Hello, thank you for this work it’s very useful. I have an simple question why does this work only for samd and mbed arduinoCore and not for classic Arduino Uno or nano ? CPU architecture, not powerfull enough, easier like that ?
Thank you It’s possible that the AVR based Arduino’s could run 107-Arduino-UAVCAN when considering raw computing and memory requirements. However, C++11 and STL support leaves much to be desired for on the AVR platform and while it should be possible to compile for AVR pulling in 3rd party libraries providing STL I wouldn’t want to bet on the performance.
Hello, I can’t seem to make your new example to work (UAVCAN-GNSS-Node). The UAVCAN-Heartbeat-Publish does not work for me either.
I use an Arduino nano 33 iot with a MCP2515 card (link). I can’t see the heartbeat node neither on QgroundControl (Pixhawk4 with PX4 v1.11) nor on UAVCAN GUI Tool (bluePill) but the Zubax GNSS node works on both.
This is because all of the other equipment you mentioned here runs UAVCAN v0. There is work underway to release preliminary UAVCAN v1 support (MVP) in PX4 in the very near future (I suspect it’s about a week away, but @TSC21 knows best). For now, please use the PyUAVCAN CLI for testing.
The pin-out looks very much correct, you can try and run MCP2515-Loopback on your Nano 33 IoT and check if you see the following output on your serial (timestamp may differ):
[ 4232231] ID 1 DATA[0]
[ 4242479] ID 2 DATA[4] CA FE CA FE
[ 4252705] ID 3 DATA[8] CA FE CA FE CA FE CA FE
[ 4262682] ID 4 DATA[4] 21 0 0 EC
[ 4272643] ID 7FF DATA[0]
[ 4282847] ID(EXT) 80000000 DATA[0]
[ 4292947] ID(EXT) 9FFFFFFF DATA[0]
Other than that I’ve got to confirm @pavel.kirienko’s assesment, that is that UAVCAN V1 is currently not supported my any tools except pyuavcan cli. In order to clarify this and safe future early adopters the trouble I’ve augmented the repositories README with a warning.
OK, MCP2515-Loopback is a good debugging tool, I found that the Arduino pin-out was not good, the nano_33_iot can’t use D7 with attachInterrupt() function.

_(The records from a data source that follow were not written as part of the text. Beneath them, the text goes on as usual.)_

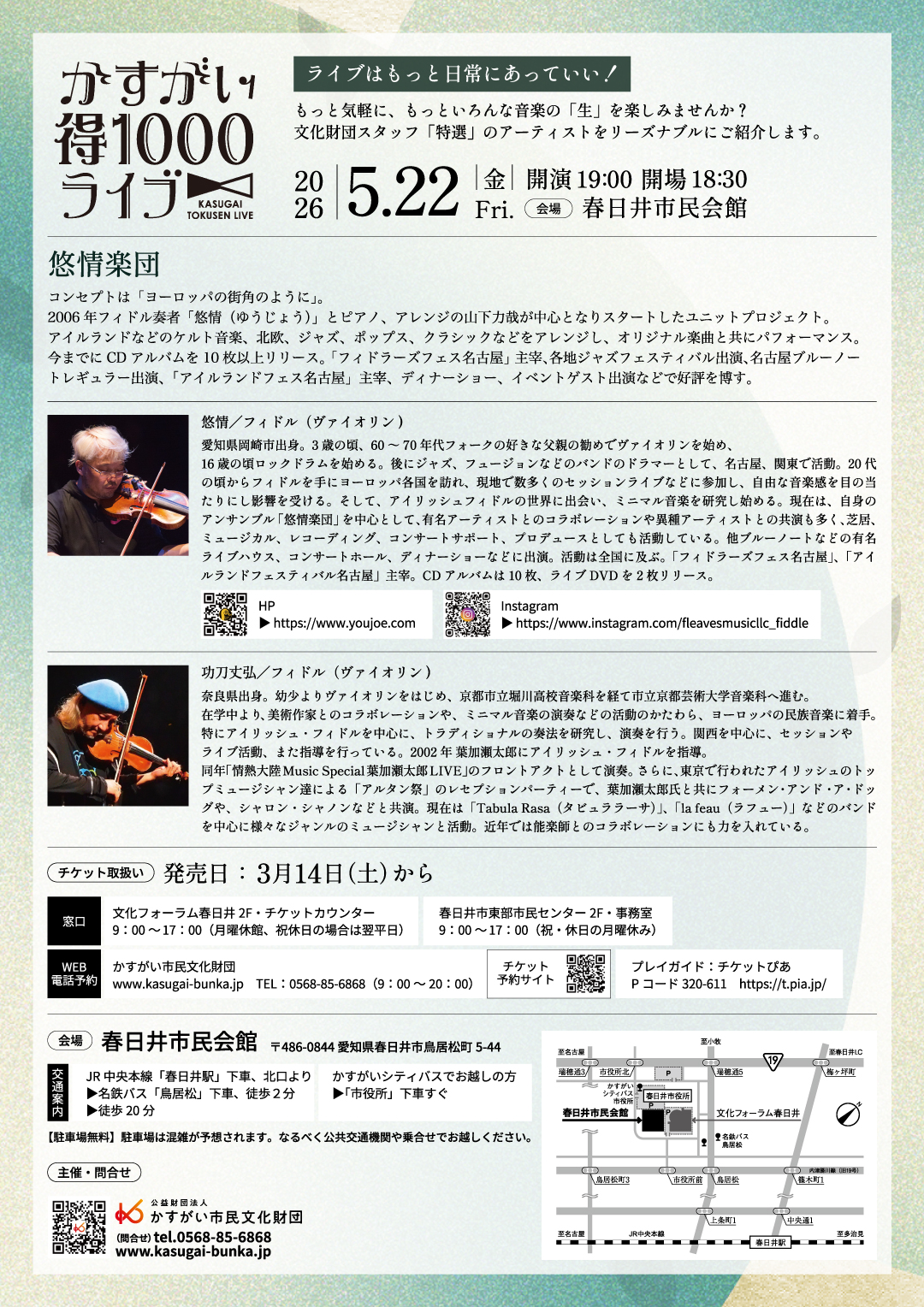 かすがい得1000ライブvol.5 悠情楽団 with 功刀丈弘
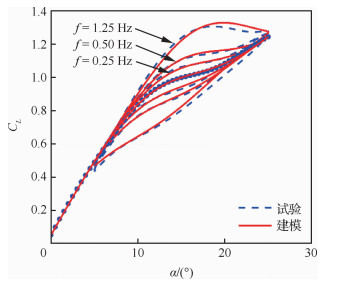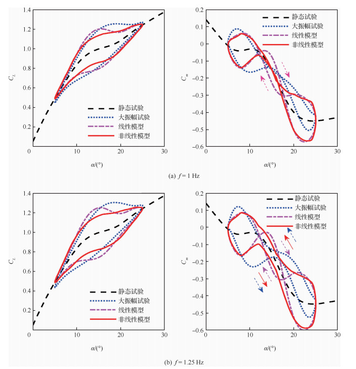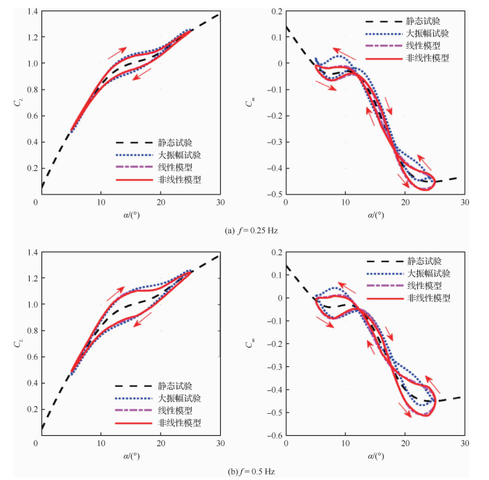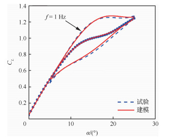 | 图 7 非定常气动力建模与大振幅试验结果对比 Fig. 7 Comparison results of unsteady aerodynamic model and large amplitude test |
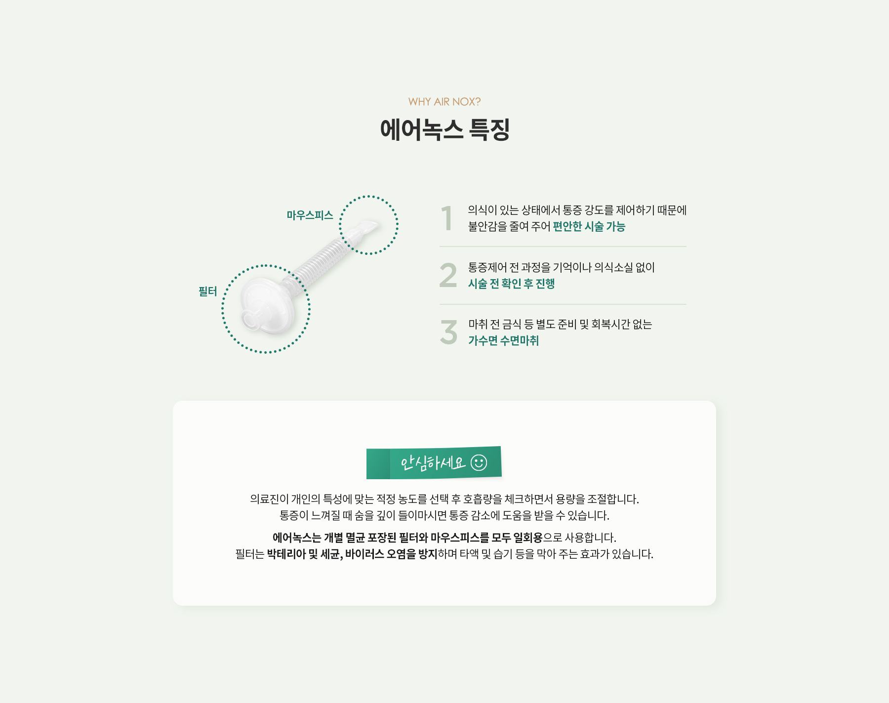 산소(O2)와 혼합하여 안전성을 높여 분만센터, 치과에서 수 십 년전부터 사용된 안전한 시스템이며
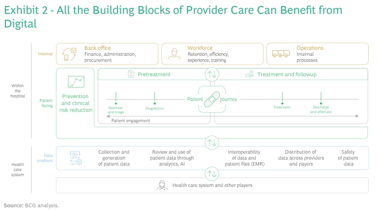 Hospitals need a modern and efficient IT system that enables operations to run fast enough and that can sustain subsequent cycles of digitization. As the CEO of a French hospital told BCG, “Most digital initiatives require building on or replacing existing legacy systems, making the integration complex and costly.”

I changed it to the D9.
For general information: I’ve created a separate github project in order to untangle the UAVCAN on Arduino effort from the Viper MAV project (so far only Viper MAV was pursued and tracked within the 107-systems github org).
107-Arduino-UAVCAN:v1.3.1, the Arduino library for UAVCAN has been released. Support for ESP32 has been fixed (didn’t compile, due to erroneous macro expansion).
107-Arduino-UAVCAN:v1.4.0 has just been released. Contains all DSDL types as per public_regulated_data_types@0a773b9 and does support the community contributed Raspberry Pi RP2040 core arduino-pico. This means the library can be run on any of the RP2040 based boards provided by this core.
@pavel.kirienko I see that public_regulated_data_types#125 eliminated /reg/drone. Please advise on whether or not to update the DSDL types within 107-Arduino-UAVCAN. I’d rather avoid reinstating reg/drone within a couple of months, so I’d prefer to keep them for now as is.
It’s possible that the AVR based Arduino’s could run 107-Arduino-UAVCAN when considering raw computing and memory requirements. However, C++11 and STL support leaves much to be desired for on the AVR platform and while it should be possible to compile for AVR pulling in 3rd party libraries providing STL I wouldn’t want to bet on the performance.